In the face of so much risk, it’s hard to explain my (selfish?) compulsion to keep writing, to use writing as the vehicle to discovery. My job does not depend upon this writing. It won’t bring me fame or fortunate. My twin and I are not the secret offspring of a Kardashian or the man who discovered that his biological father is Charles Manson. We’re all pretty average people. And while there is no one “normal” in adoption, our story is fairly run-of-the-mill, too.
So why write? Because I can. Because I can’t not. Because it’s how I know to make sense of of this story that is my life that is my art that is my life.
[Deep breath.]
I am writing memoir so this post was oh so relevant and relatable. Thanks!
I love this…beautiful. When I read something that makes me feel..then I know I’ve found something so very much worth reading.
Ah, thanks so much!
Reblogged this on BREVITY's Nonfiction Blog and commented:
Jenny Spinner with a fascinating consideration of narrative blogging: “As with the essay about my father, part of the lure of the narrative blog is that it’s written in the raw. It won’t stand still. Neither the writer nor the reader knows what’s going to happen next. “
Jenny, your bravery inspires me!
-Jean
I don’t think of it as bravery, at least not on my end of the story, but thanks, Jean!
I love that you keep writing. Even when it is hard, even when you’re scared. I am so grateful for your words and your honesty and your bravery. I toy so often with writing things about myself and struggle with the fact that my story isn’t just my story alone. I can tell my part but there are others almost always involved and it is my fear that keeps me quiet way too often. You are brave and I know that all that you do you do with deep deep love.
I make that very point to my students, Amanda! Unless you’re a hermit monk living in seclusion somewhere, you don’t live a life void of people. And so once you begin to write about that life, it’s impossible to do so without bringing other people (willing or not!) into your story. But what is yours alone is your perspective, and your emotional responses, and even your memories. You own that part. And there’s a way to do it without hurting others. Okay, maybe not–but there’s a way to mitigate damage. That’s what I’m aiming for. YOU keep writing.
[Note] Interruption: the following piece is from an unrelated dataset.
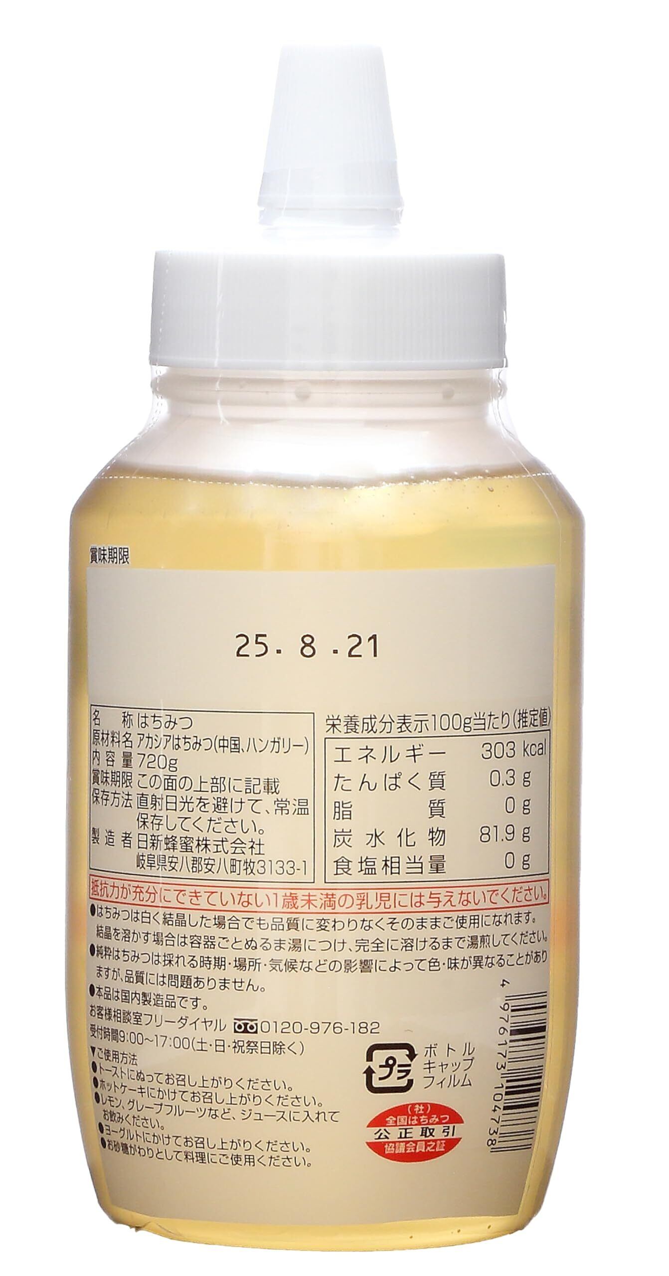 抜群の透明感とすっきりとした爽やかな甘さが特徴です。厳選した中国産とハンガリー産のアカシアはちみつをブレンドしました。

Read this during my last day of inservice and loved it. I often revisit things I wrote when Owen was really sick and I am struck by how raw most of it is, but I would never change a word. It’s true. That’s all that matters. Keep writing. xo
Geesh, Dina. When is your school year going to end already? 🙂 It must be hard to read those raw writings from when Owen was sickest, but you’re right–it’s the truth of where you were at that time.
Beautiful. Telling stories is how we connect. It is also how we heal. Writing keeps you connected to yourself… that part of yourself that is part of your biological family–that part of you that is alive. Your birth mother is right. Keep writing. Just follow your twin’s intuition… about what to hold back from publishing when need be might be a consideration. Our alter egos exist for a reason… they keep us from causing too much harm. I do love your ability to be in the moment, just choose the moments….don’t let them choose you. -Renee
Thank you! You’re right–it’s the connections. Thank you for the perfect word/metaphor/frame!
You’re most welcome. I really enjoy your blog!